(Items from a dataset)
■ ■ ■ ■

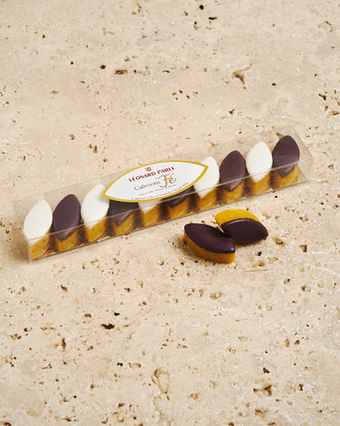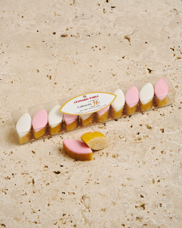 Petit frère du Calisson d'Aix-en-Provence traditionnel, le Mini Calisson de la Maison PARLI s'associe avec nos "Fé" fleuris, confectionnés à partir des mêmes ingrédients que notre Calisson d'Aix - amandes entières, melon confit et écorces d’orange confite - auxquels sont ajoutés d’autres extraits naturels.
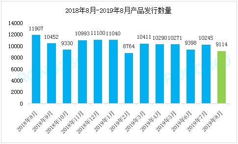 2018年8月-2019年8月产品发行数量数据来源:融360大数据研究院
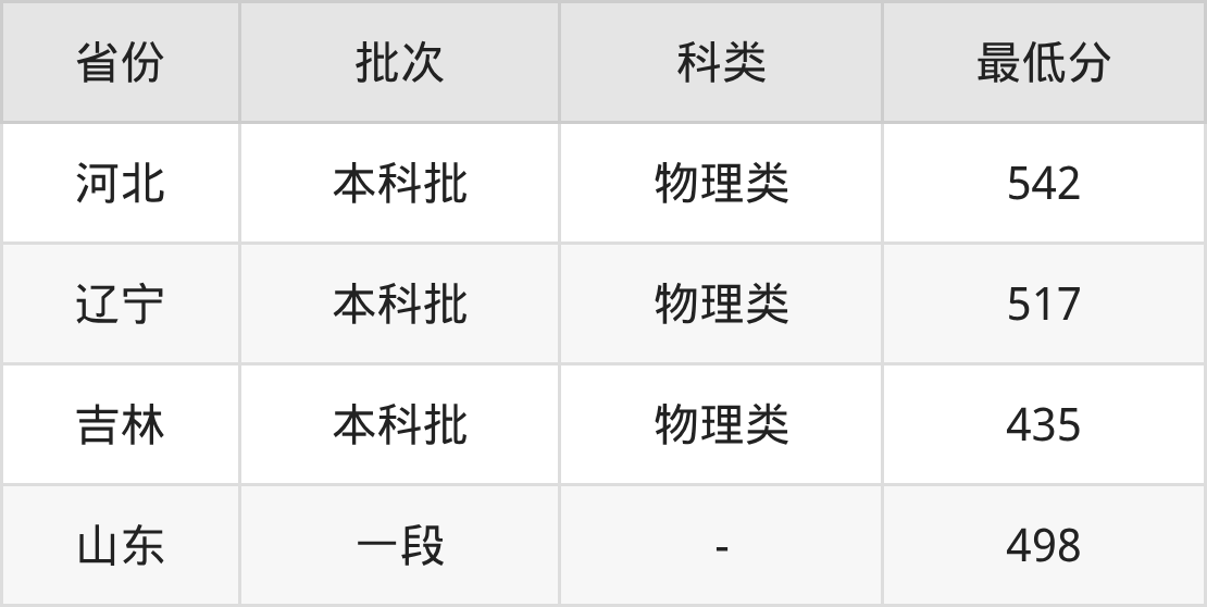 | 批次 | 科类 | 最低分 | 位次 |
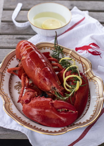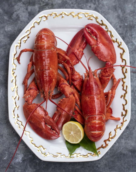 Steamed lobster served with herbs and lemon water in the Carp platter a Mottahedeh reproduction from the Dallas Museum of Art.
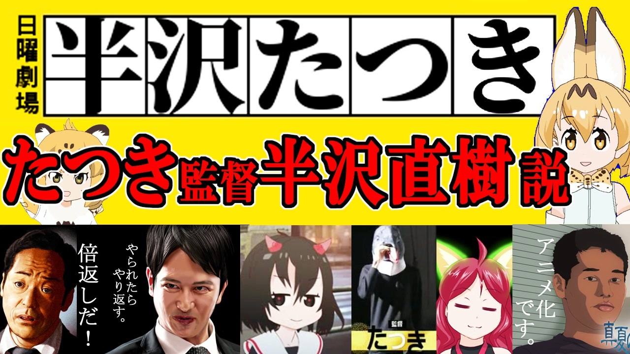 Youtube版を観たい方はこちらをどうぞ→<a href="https://www.youtube.com/watch?v=bUVcM4ebOLU" target="_blank" rel="noopener nofollow">https://www.youtube.com/watch?v=bUVcM4ebOLU</a><br>少しだけ内容が違いますので比べてみてください。<br><br>この動画は、現実に起こった925けもフレ事件、けものフレンズ2炎上事件、<br>ケムリクサ、へんたつといった作品と、<br>それによって現実世界で起こった事件を多分に取り扱います。<br>あらかじめご了承ください。<br><br>TBS系日曜劇場の人気ドラマ「半沢直樹」。<br>「けものフレンズ」「ケムリクサ」「へんたつ」で有名なアニメ監督の「たつき」。<br>実は両者には数々の共通点がある。<br>というより、半沢直樹とたつき監督は同一人物である。<br><br>また、「半沢直樹」は一部の視聴者より<br>「あれはサラリーマン版の水戸黄門。面白いけどリアリティーがない」<br>と言われているが、それはとんでもない誤解である。<br><br>どんな業界にも闇はあり、その闇と恐れず戦った人間は<br>半沢直樹のように結果を出すということを本動画で証明したい。<br><br>「半沢直樹」と「たつき監督」のどちらかを知っている、<br>あるいは、どちらも知らないという視聴者にも、<br>彼らの歩む道に興味を持ってもらえたら幸いである。<br><br>堺雅人演じる「半沢直樹」。<br>半沢直樹は銀行員であり、銀行から企業へ資金を貸す「融資」を担当している。<br>作品全体を通して「融資」が重要な要素である。<br><br>一方、たつき監督はアニメ監督であり、<br>「けものフレンズ」「ケムリクサ」「へんたつ」<br>といったヒット作品を世に送り出してきた。<br><br>一見、両者は何の関係も無さそうである。<br>だが、あえて言おう。<br><br><span style="color: #ff0000; font-size: 24px;"><strong><u>半沢直樹とたつき監督は同一人物である。</u></strong></span><br><br>10の根拠を挙げていきたい。<br><br><span style="font-size: 18px;"><strong>さらっとおさらい 大和田常務の土下座</strong></span><br><a href="https://www.nicovideo.jp/watch/sm23364897" target="_blank" rel="noopener nofollow">https://www.nicovideo.jp/watch/sm23364897</a><br><span style="color: #001835; font-size: 20px;"><strong>オネェ黒崎検査官に大勝利した半沢直樹UC</strong></span><br><a href="https://www.nicovideo.jp/watch/sm22382721" target="_blank" rel="noopener nofollow">https://www.nicovideo.jp/watch/sm22382721</a>
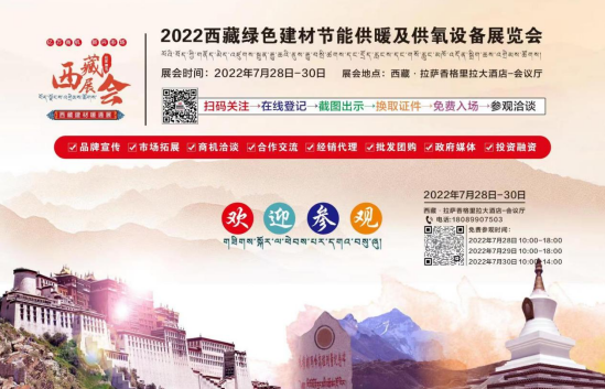 作为进藏展的重要组成部分:2022年中国(西藏)绿色建材·节能暖通及供氧制氧产品展览会即将于2022年7月28-30日在拉萨香格里拉酒店~会议厅隆重举办!
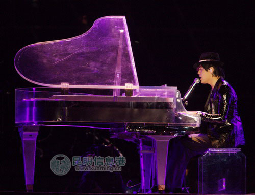 周董用水晶钢琴深情弹唱《黑色幽默》。记者 李振宇/摄
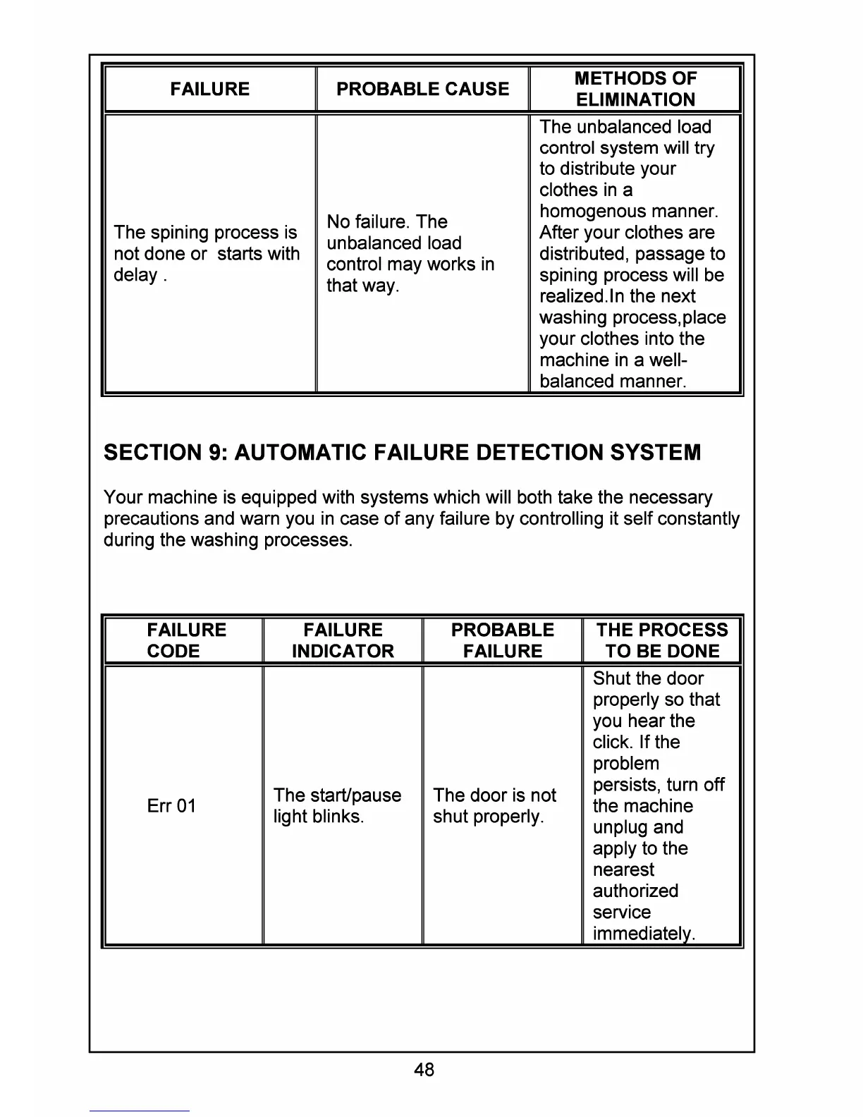 Smeg SWM60E - SECTION 9: AUTOMATIC FAILURE DETECTION SYSTEM; Error Codes and Indicators
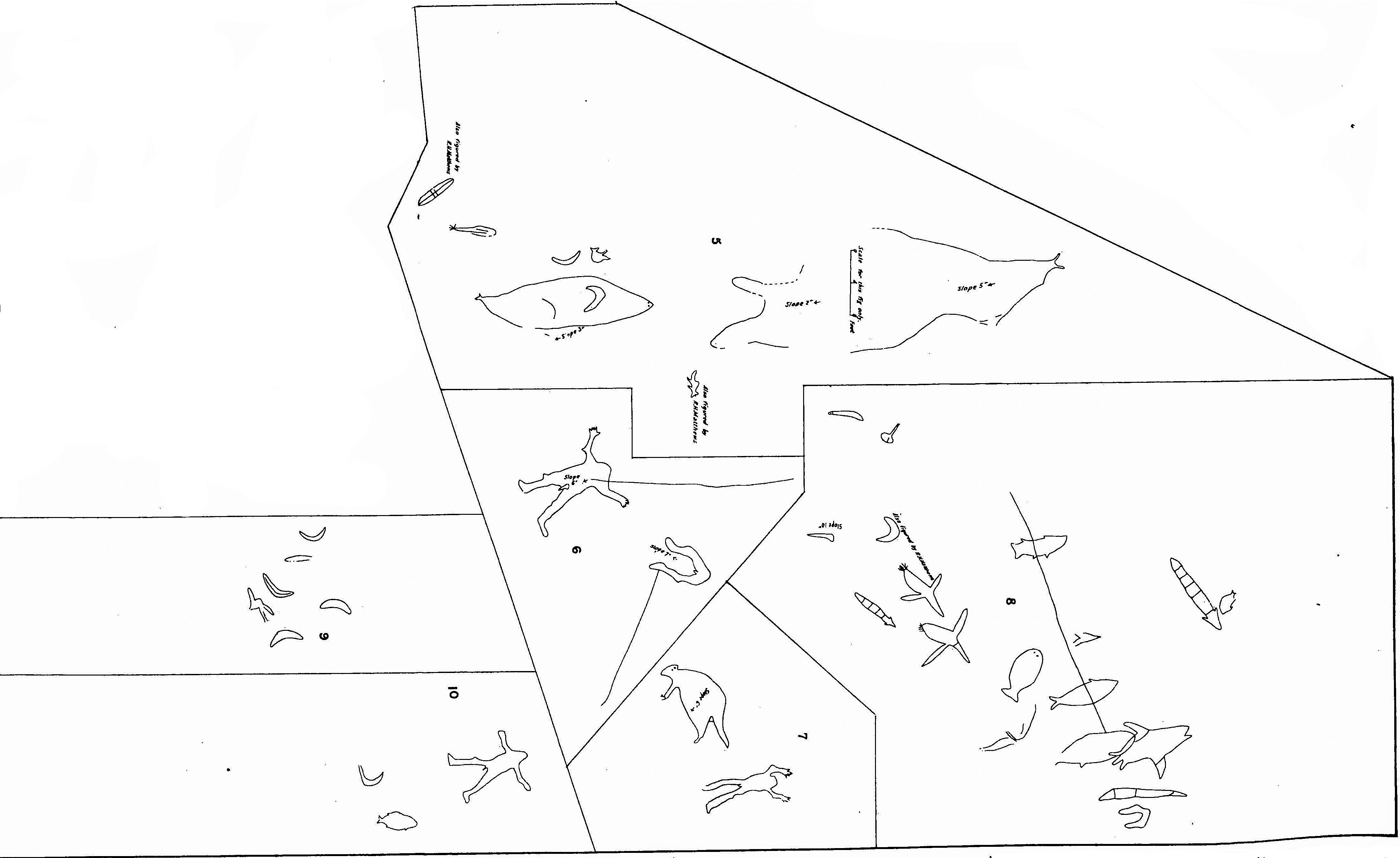 A complex Aboriginal engraving site with 42 figures first documented by W.D. Campbell in six groups. The figures include a speared man and many animals and hunting tools.
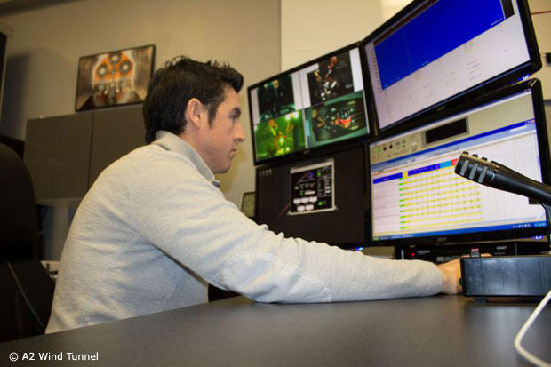 David Salazar runs the A2 wind tunnel in Mooresville, NC.
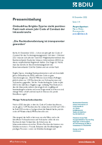 Pressemitteilung Ombudsfrau Brigitte Zypries zieht positives Fazit nach einem Jahr Code of Conduct der Inkassobranche „Die Rechtsdienstleistung ist transparenter geworden“ Berlin, 8. Dezember 2022 –…
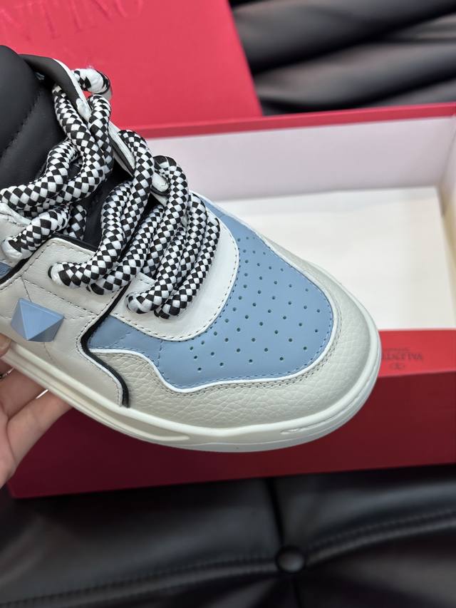 出厂价 实价 华伦天奴 *One Stud系列厚底增高运动鞋,简约明快构造清爽新潮穿搭!衍缝格纹与超大铆钉,打造瞩目朋克风格,考究皮质构塑和简洁轮廓,流畅的线条奠定酷感基调,是最经典的百搭单品!厚底增高5Cm,气场拉满 Size:38-44 45定做
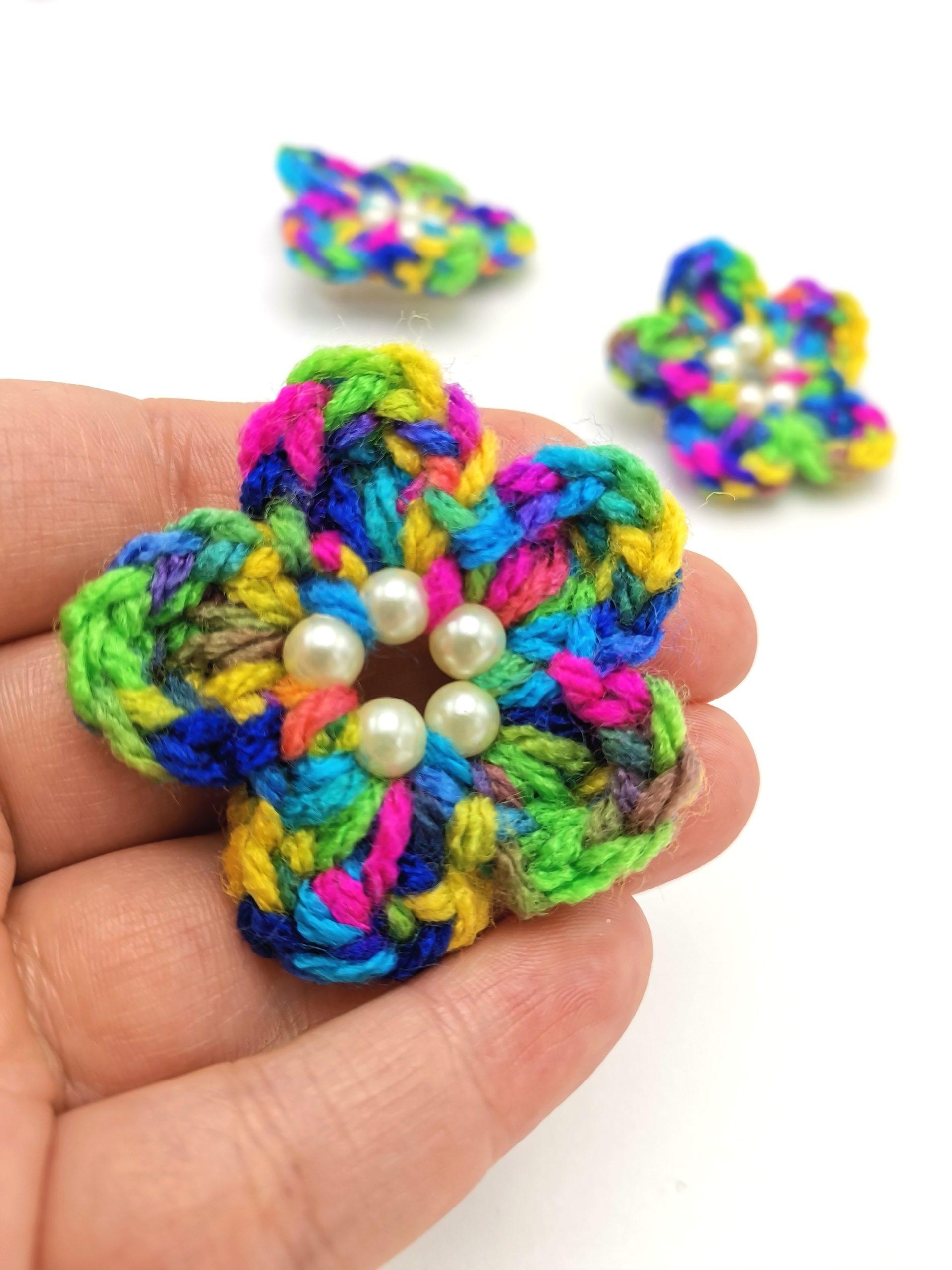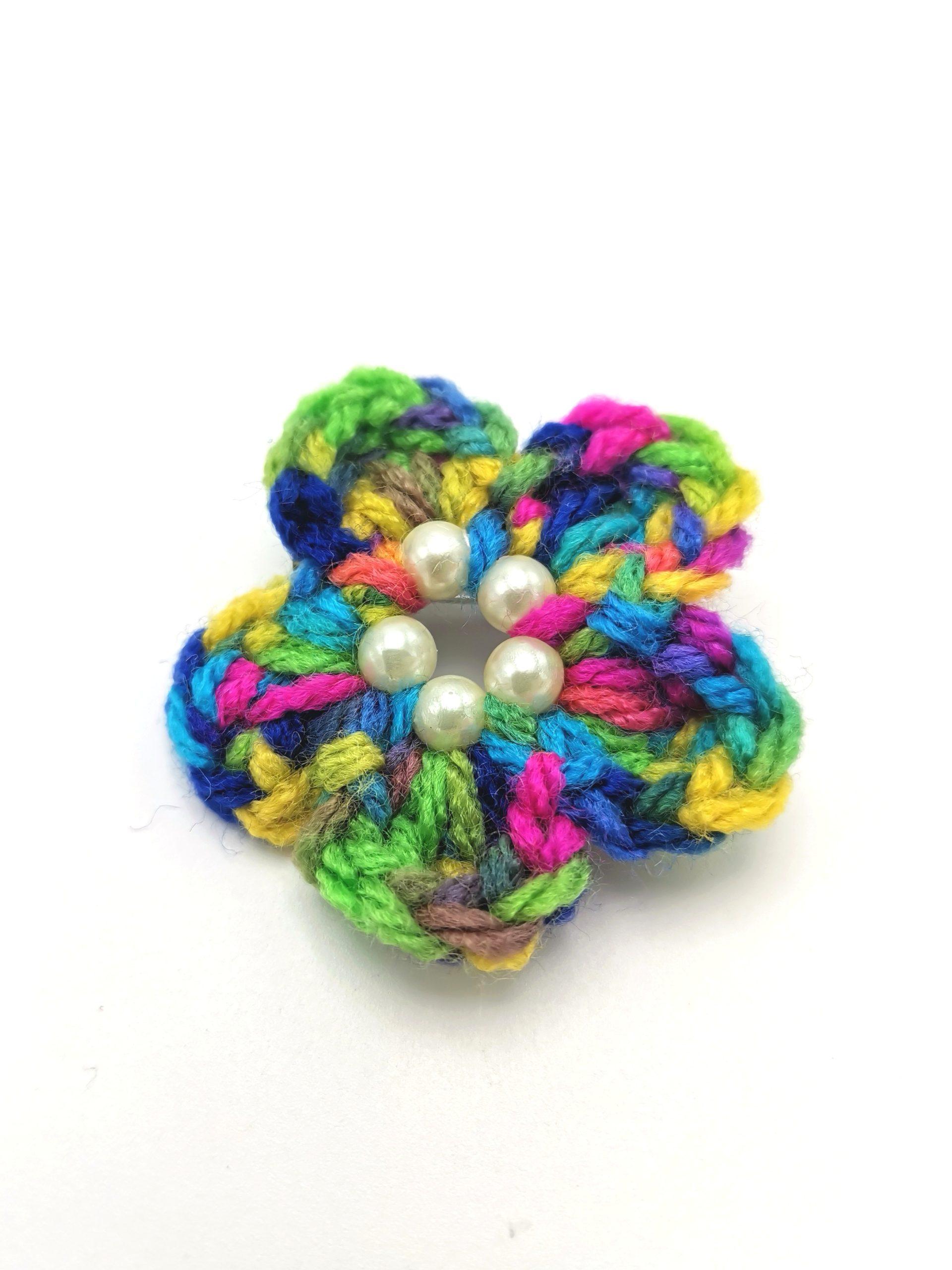 Brosa model floare crosetata manual din fir multicolor

■ ■ ■ ■

» **Your objective**: Your answer must be an exact copy of every entry, with no pictures in it.

» **Response to the exercise**:
 Petit frère du Calisson d'Aix-en-Provence traditionnel, le Mini Calisson de la Maison PARLI s'associe avec nos "Fé" fleuris, confectionnés à partir des mêmes ingrédients que notre Calisson d'Aix - amandes entières, melon confit et écorces d’orange confite - auxquels sont ajoutés d’autres extraits naturels.
 2018年8月-2019年8月产品发行数量数据来源:融360大数据研究院
 | 批次 | 科类 | 最低分 | 位次 |
 Steamed lobster served with herbs and lemon water in the Carp platter a Mottahedeh reproduction from the Dallas Museum of Art.
 Youtube版を観たい方はこちらをどうぞ→<a href="https://www.youtube.com/watch?v=bUVcM4ebOLU" target="_blank" rel="noopener nofollow">https://www.youtube.com/watch?v=bUVcM4ebOLU</a><br>少しだけ内容が違いますので比べてみてください。<br><br>この動画は、現実に起こった925けもフレ事件、けものフレンズ2炎上事件、<br>ケムリクサ、へんたつといった作品と、<br>それによって現実世界で起こった事件を多分に取り扱います。<br>あらかじめご了承ください。<br><br>TBS系日曜劇場の人気ドラマ「半沢直樹」。<br>「けものフレンズ」「ケムリクサ」「へんたつ」で有名なアニメ監督の「たつき」。<br>実は両者には数々の共通点がある。<br>というより、半沢直樹とたつき監督は同一人物である。<br><br>また、「半沢直樹」は一部の視聴者より<br>「あれはサラリーマン版の水戸黄門。面白いけどリアリティーがない」<br>と言われているが、それはとんでもない誤解である。<br><br>どんな業界にも闇はあり、その闇と恐れず戦った人間は<br>半沢直樹のように結果を出すということを本動画で証明したい。<br><br>「半沢直樹」と「たつき監督」のどちらかを知っている、<br>あるいは、どちらも知らないという視聴者にも、<br>彼らの歩む道に興味を持ってもらえたら幸いである。<br><br>堺雅人演じる「半沢直樹」。<br>半沢直樹は銀行員であり、銀行から企業へ資金を貸す「融資」を担当している。<br>作品全体を通して「融資」が重要な要素である。<br><br>一方、たつき監督はアニメ監督であり、<br>「けものフレンズ」「ケムリクサ」「へんたつ」<br>といったヒット作品を世に送り出してきた。<br><br>一見、両者は何の関係も無さそうである。<br>だが、あえて言おう。<br><br><span style="color: #ff0000; font-size: 24px;"><strong><u>半沢直樹とたつき監督は同一人物である。</u></strong></span><br><br>10の根拠を挙げていきたい。<br><br><span style="font-size: 18px;"><strong>さらっとおさらい 大和田常務の土下座</strong></span><br><a href="https://www.nicovideo.jp/watch/sm23364897" target="_blank" rel="noopener nofollow">https://www.nicovideo.jp/watch/sm23364897</a><br><span style="color: #001835; font-size: 20px;"><strong>オネェ黒崎検査官に大勝利した半沢直樹UC</strong></span><br><a href="https://www.nicovideo.jp/watch/sm22382721" target="_blank" rel="noopener nofollow">https://www.nicovideo.jp/watch/sm22382721</a>
 作为进藏展的重要组成部分:2022年中国(西藏)绿色建材·节能暖通及供氧制氧产品展览会即将于2022年7月28-30日在拉萨香格里拉酒店~会议厅隆重举办!
 周董用水晶钢琴深情弹唱《黑色幽默》。记者 李振宇/摄
 Smeg SWM60E - SECTION 9: AUTOMATIC FAILURE DETECTION SYSTEM; Error Codes and Indicators
 A complex Aboriginal engraving site with 42 figures first documented by W.D. Campbell in six groups. The figures include a speared man and many animals and hunting tools.
 David Salazar runs the A2 wind tunnel in Mooresville, NC.
 Pressemitteilung Ombudsfrau Brigitte Zypries zieht positives Fazit nach einem Jahr Code of Conduct der Inkassobranche „Die Rechtsdienstleistung ist transparenter geworden“ Berlin, 8. Dezember 2022 –…
 出厂价 实价 华伦天奴 *One Stud系列厚底增高运动鞋,简约明快构造清爽新潮穿搭!衍缝格纹与超大铆钉,打造瞩目朋克风格,考究皮质构塑和简洁轮廓,流畅的线条奠定酷感基调,是最经典的百搭单品!厚底增高5Cm,气场拉满 Size:38-44 45定做
 Brosa model floare crosetata manual din fir multicolor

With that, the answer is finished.